— What to work on —
Every record is to be printed exactly as written; pictures are to be omitted.

— Record extracts —
• • • • •
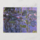 A beautiful postcard featuring Water Lillies. Water Lilies (or Nymphéas), is a series of approximately 250 oil paintings by French Impressionist Claude Monet (1840-1926). The paintings depict Monet's flower garden at Giverny and were the main focus of his paintings during the last thirty years of his life. These beautiful paintings are displayed in museums throughout the world.
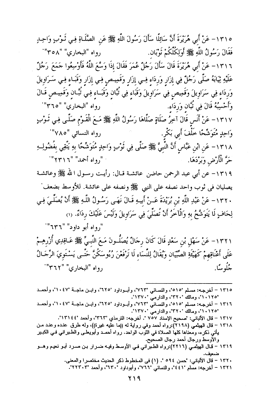 1315 - وعنه: أنه - صلى الله عليه وسلم - سُئِلَ عَنِ الصَّلَاةِ فِي ثَوْبٍ وَاحِدٍ فَقَالَ: أَوَلِكُلِّكُمْ ثَوْبَانِ (¬1). للستة إلا النسائيِّ.
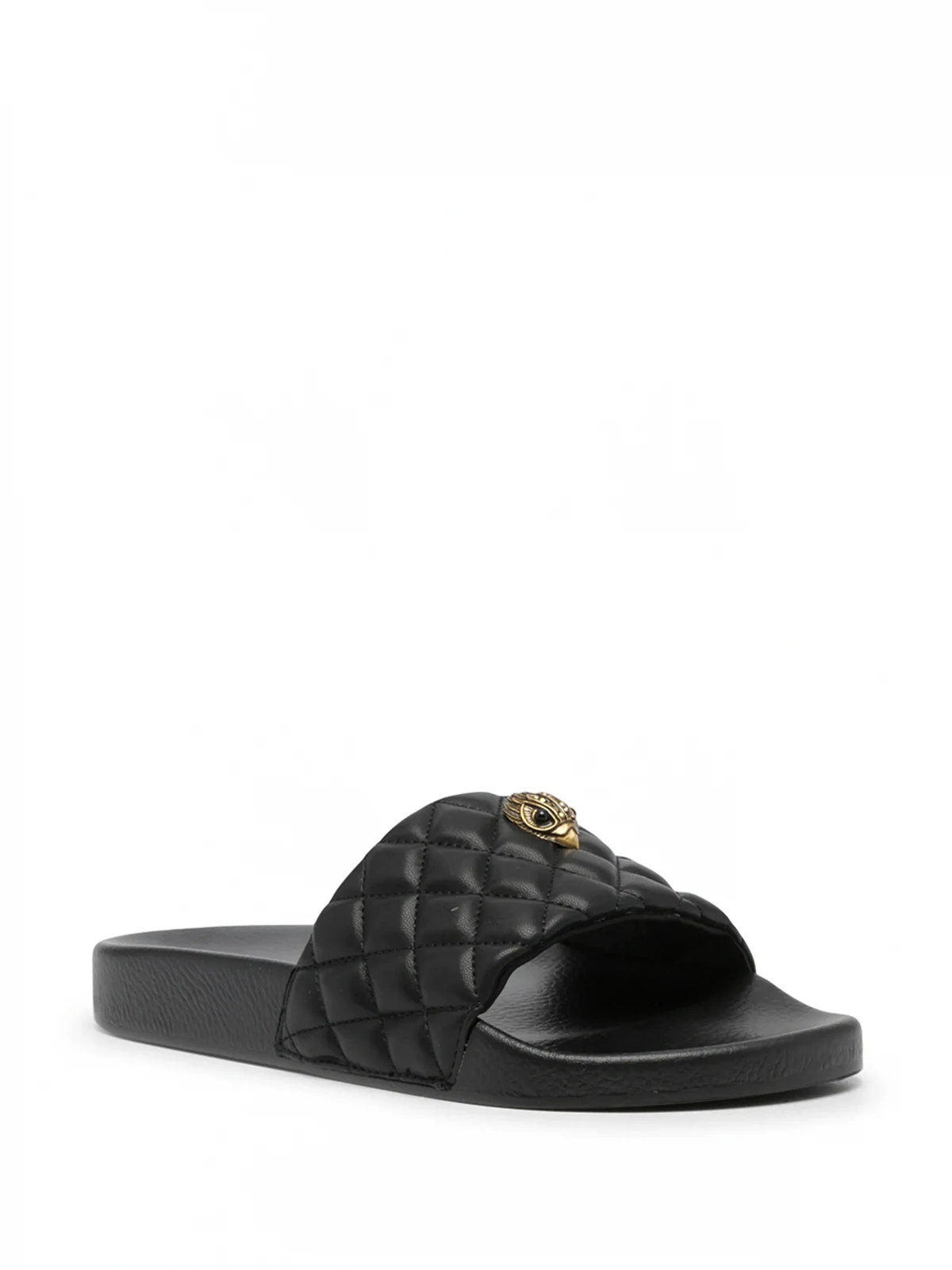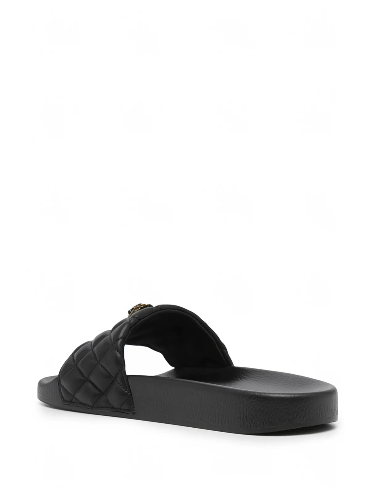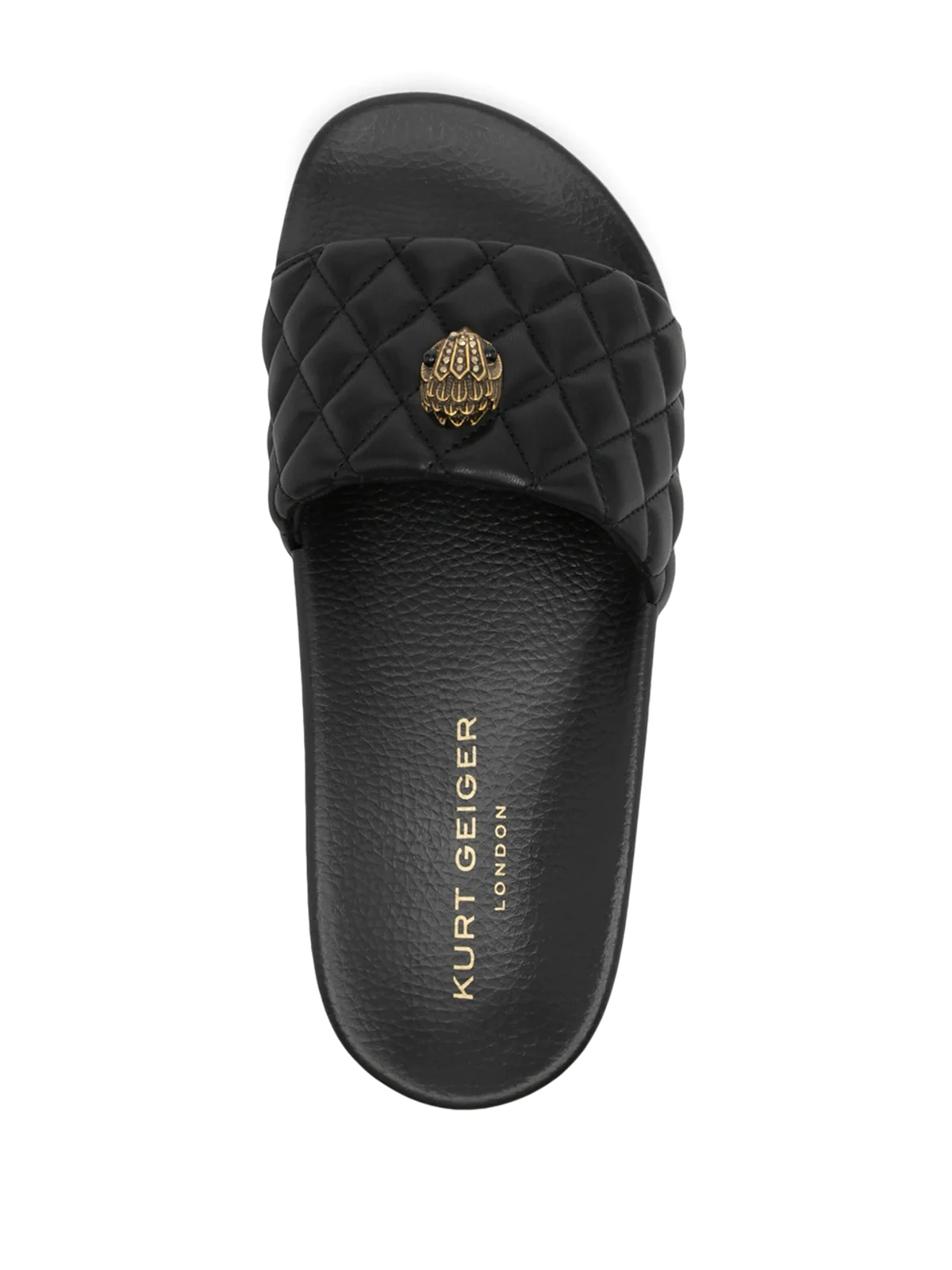 black quilted open toe gold-tone logo plaque flat rubber sole
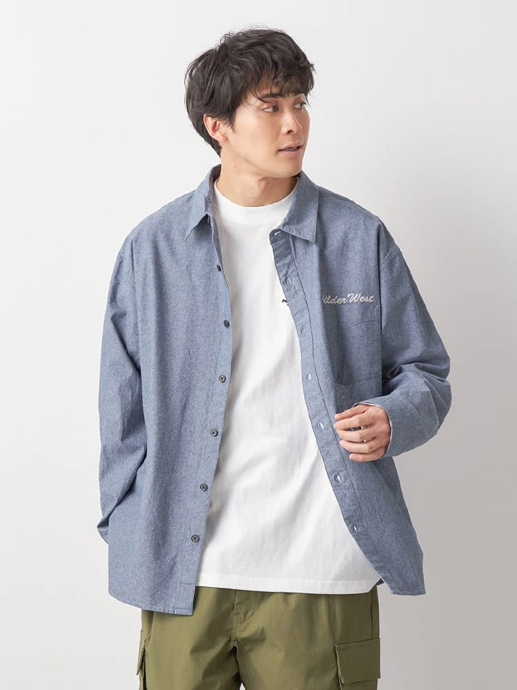 大きいサイズ メンズ 【WILDER&WEST】アメリカンビンテージ刺繍シャツ(ブルー)
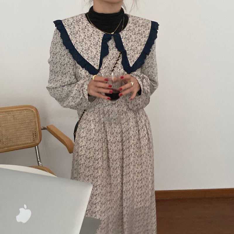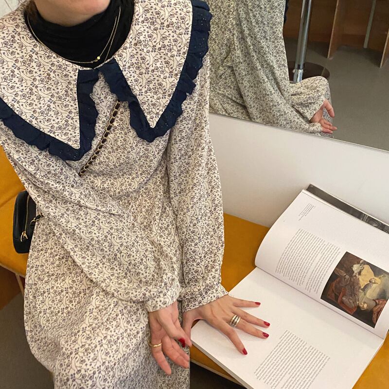 スタンダードプリント柄ドレス オータムウィンターロングスカート レトロ 秋物 冬物 ビッグFスモールZ韓国66615387392
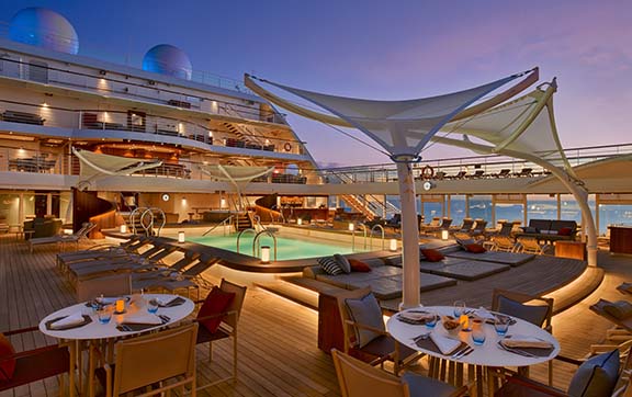 Relaxed poolside dining offering luncheon buffets, salads, soups, grilled specialties and freshly baked pizza. Dinners feature a full menu in an alfresco setting. For The Patio, Chef Keller has developed exclusively for Seabourn, a signature Napa burger, as well as an artisanal hot dog dubbed the Yountwurst, named for the hometown of The French Laundry, Ad Hoc, and the original Bouchon and Bouchon Bakery.
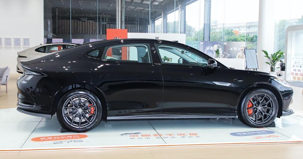 側(cè)面看,車身轎跑感鮮明,溜背的車頂十分順滑,配合上翹的車尾,運動感十足。前后懸基本等長,高度適中,份量感合適。起伏的腰線兩端低、中間高,有新鮮感。四個車門都是無框式,與整體風格匹配。這臺性能版車型底部增加立體的裙邊,讓車底氣流快速流出。采用整體隱藏彈出式門把手,標配全車無鑰匙進入,支持NFC和手機藍牙鑰匙。
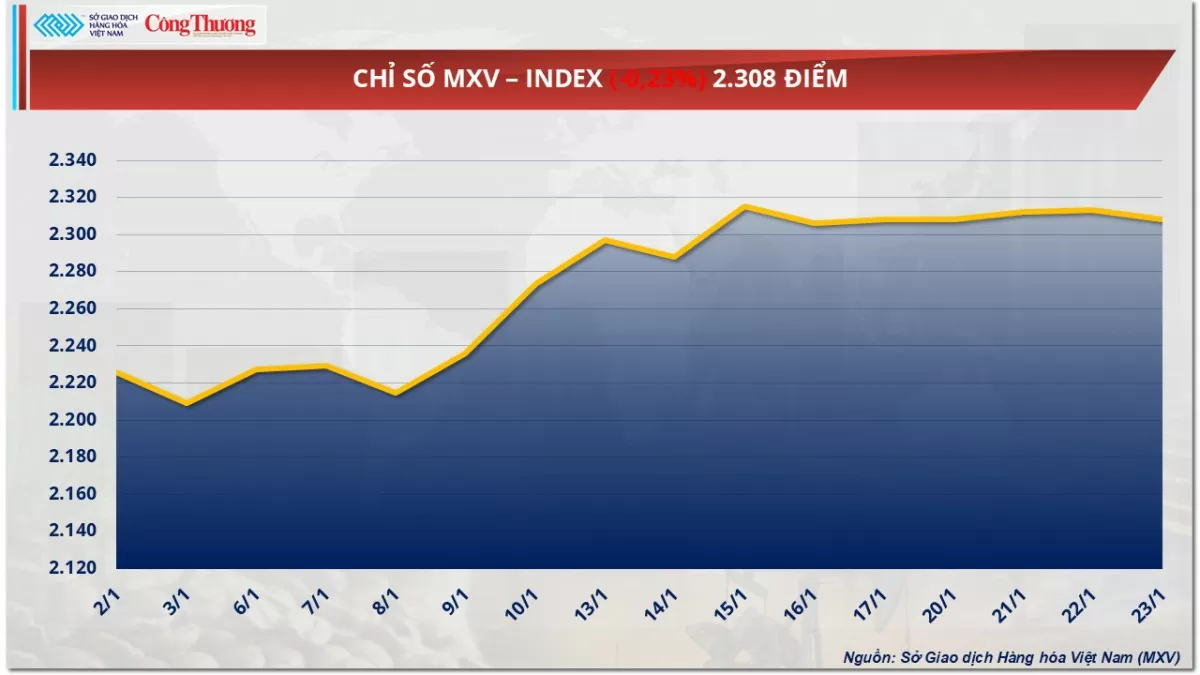 Sở Giao dịch Hàng hóa Việt Nam (MXV) cho biết, lực bán chiếm ưu thế trong ngày giao dịch hôm qua đã chấm dứt chuỗi tăng 4 phiên liên tiếp của chỉ số MXV-Index. Đóng cửa, chỉ số này giảm không nhẹ xuống mức 2.308 điểm. Đáng chú ý, sắc đỏ tràn ngập trên thị trường năng lượng và kim loại. Trong đó, giá dầu thô đang dần xa khỏi mốc 80 USD/thùng. Bên cạnh đó, giá kim loại quý cũng đồng loạt suy yếu trong bối cảnh thị trường thận trọng hơn để đánh giá tác động của các chính sách năng lượng và thuế quan của ông Trump đề xuất lên tăng trưởng kinh tế toàn cầu.
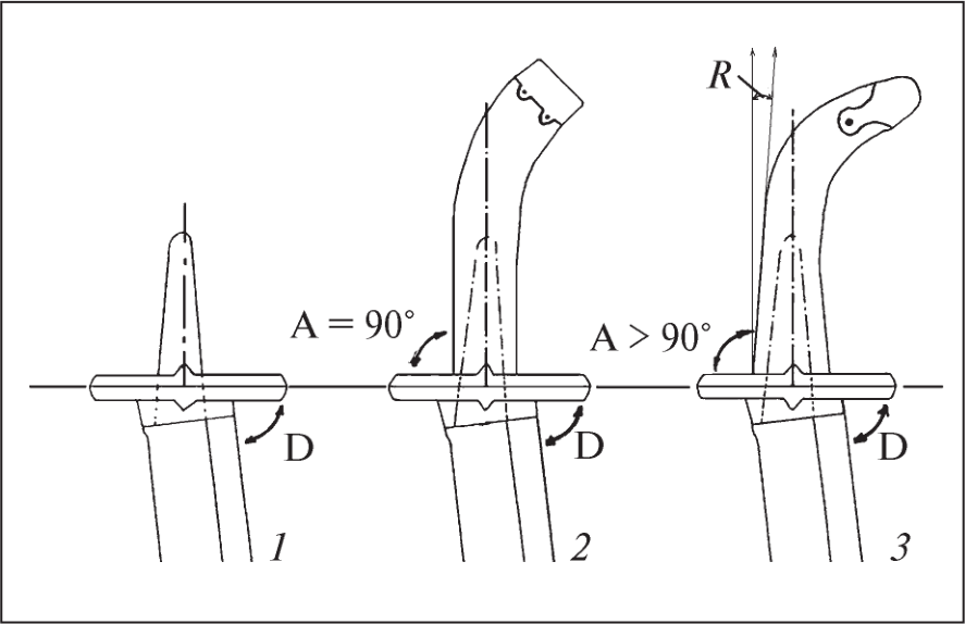 - Угол между крестовиной и лезвием (D) менее прямой (рис. 4, 1);
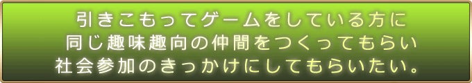 1.引きこもってゲームをしている方に同じ趣味趣向の仲間をつくってもらい、社会参加のきっかけにしてもらうこと。
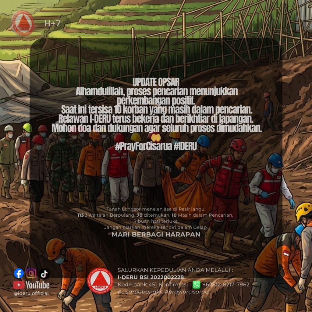 Memasuki hari ketujuh Bencana Tanah Longsor Cisarua Bandung, Tim IDERU kembali menjalankan tugas sejak pagi hingga sore hari, Sabtu, 31 Januari 2026, pukul 07.00 hingga 16.30 WIB.
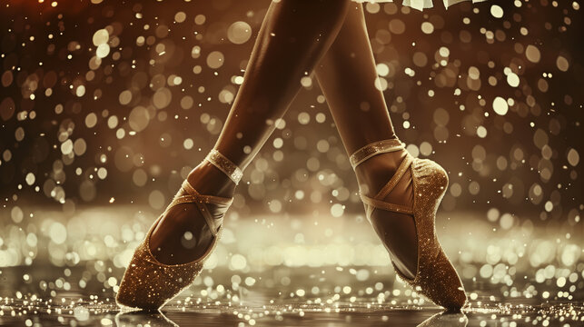 Elegant ballet dancer's feet on pointe shoes, sparkling on a stage bathed in warm golden light.
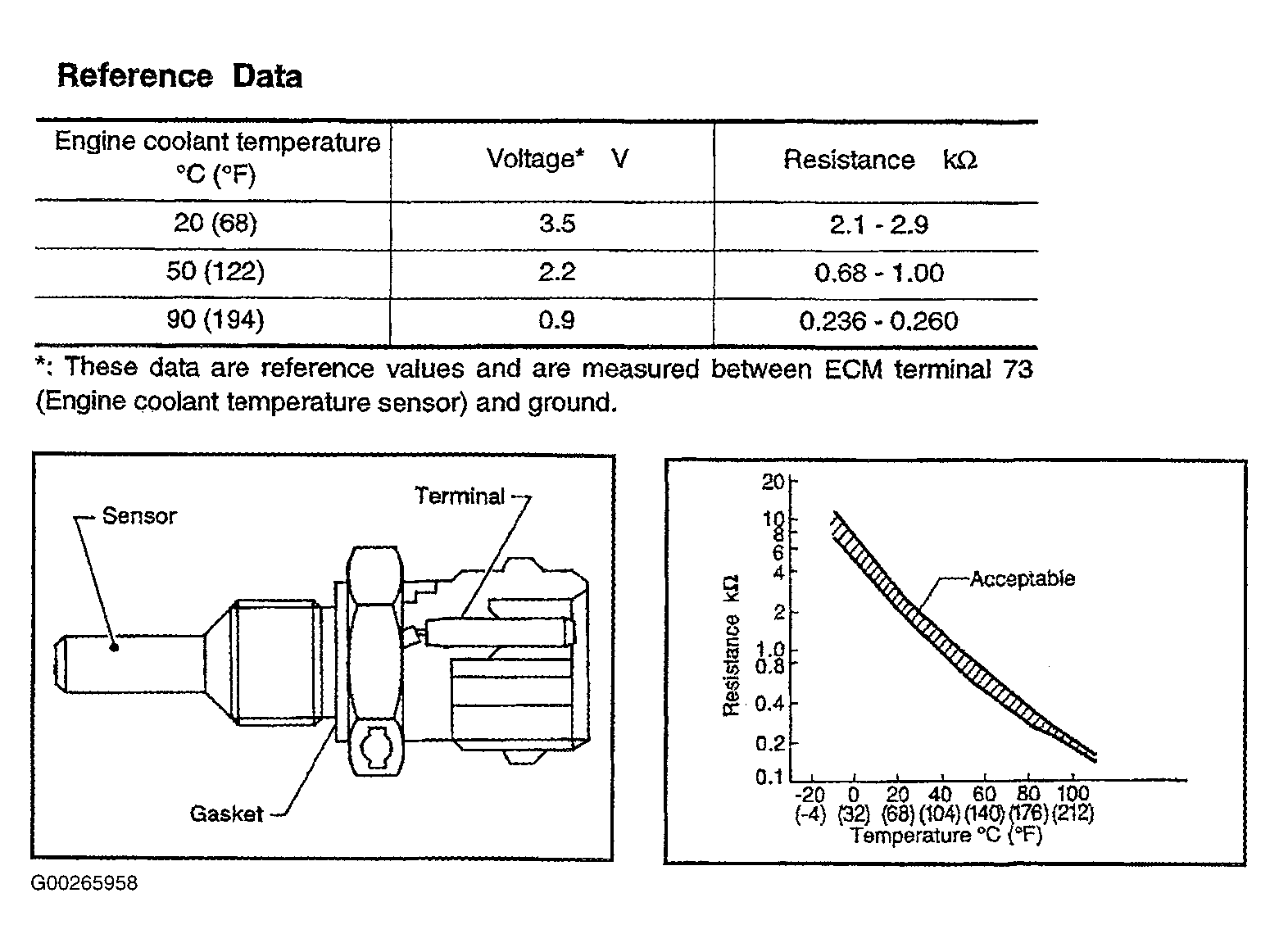The engine coolant temperature sensor is used to detect the engine coolant temperature. The sensor modified signal returns to the ECM as the engine coolant temperature input. The sensor uses a thermistor which is sensitive to the change in temperature. The electrical resistance of the thermistor decreases as temperature increases. See Fig 1.
• • • • •
— Task answer —
 A beautiful postcard featuring Water Lillies. Water Lilies (or Nymphéas), is a series of approximately 250 oil paintings by French Impressionist Claude Monet (1840-1926). The paintings depict Monet's flower garden at Giverny and were the main focus of his paintings during the last thirty years of his life. These beautiful paintings are displayed in museums throughout the world.
 1315 - وعنه: أنه - صلى الله عليه وسلم - سُئِلَ عَنِ الصَّلَاةِ فِي ثَوْبٍ وَاحِدٍ فَقَالَ: أَوَلِكُلِّكُمْ ثَوْبَانِ (¬1). للستة إلا النسائيِّ.
 black quilted open toe gold-tone logo plaque flat rubber sole
 大きいサイズ メンズ 【WILDER&WEST】アメリカンビンテージ刺繍シャツ(ブルー)
 スタンダードプリント柄ドレス オータムウィンターロングスカート レトロ 秋物 冬物 ビッグFスモールZ韓国66615387392
 Relaxed poolside dining offering luncheon buffets, salads, soups, grilled specialties and freshly baked pizza. Dinners feature a full menu in an alfresco setting. For The Patio, Chef Keller has developed exclusively for Seabourn, a signature Napa burger, as well as an artisanal hot dog dubbed the Yountwurst, named for the hometown of The French Laundry, Ad Hoc, and the original Bouchon and Bouchon Bakery.
 側(cè)面看,車身轎跑感鮮明,溜背的車頂十分順滑,配合上翹的車尾,運動感十足。前后懸基本等長,高度適中,份量感合適。起伏的腰線兩端低、中間高,有新鮮感。四個車門都是無框式,與整體風格匹配。這臺性能版車型底部增加立體的裙邊,讓車底氣流快速流出。采用整體隱藏彈出式門把手,標配全車無鑰匙進入,支持NFC和手機藍牙鑰匙。
 Sở Giao dịch Hàng hóa Việt Nam (MXV) cho biết, lực bán chiếm ưu thế trong ngày giao dịch hôm qua đã chấm dứt chuỗi tăng 4 phiên liên tiếp của chỉ số MXV-Index. Đóng cửa, chỉ số này giảm không nhẹ xuống mức 2.308 điểm. Đáng chú ý, sắc đỏ tràn ngập trên thị trường năng lượng và kim loại. Trong đó, giá dầu thô đang dần xa khỏi mốc 80 USD/thùng. Bên cạnh đó, giá kim loại quý cũng đồng loạt suy yếu trong bối cảnh thị trường thận trọng hơn để đánh giá tác động của các chính sách năng lượng và thuế quan của ông Trump đề xuất lên tăng trưởng kinh tế toàn cầu.
 - Угол между крестовиной и лезвием (D) менее прямой (рис. 4, 1);
 1.引きこもってゲームをしている方に同じ趣味趣向の仲間をつくってもらい、社会参加のきっかけにしてもらうこと。
 Memasuki hari ketujuh Bencana Tanah Longsor Cisarua Bandung, Tim IDERU kembali menjalankan tugas sejak pagi hingga sore hari, Sabtu, 31 Januari 2026, pukul 07.00 hingga 16.30 WIB.
 Elegant ballet dancer's feet on pointe shoes, sparkling on a stage bathed in warm golden light.
The engine coolant temperature sensor is used to detect the engine coolant temperature. The sensor modified signal returns to the ECM as the engine coolant temperature input. The sensor uses a thermistor which is sensitive to the change in temperature. The electrical resistance of the thermistor decreases as temperature increases. See Fig 1.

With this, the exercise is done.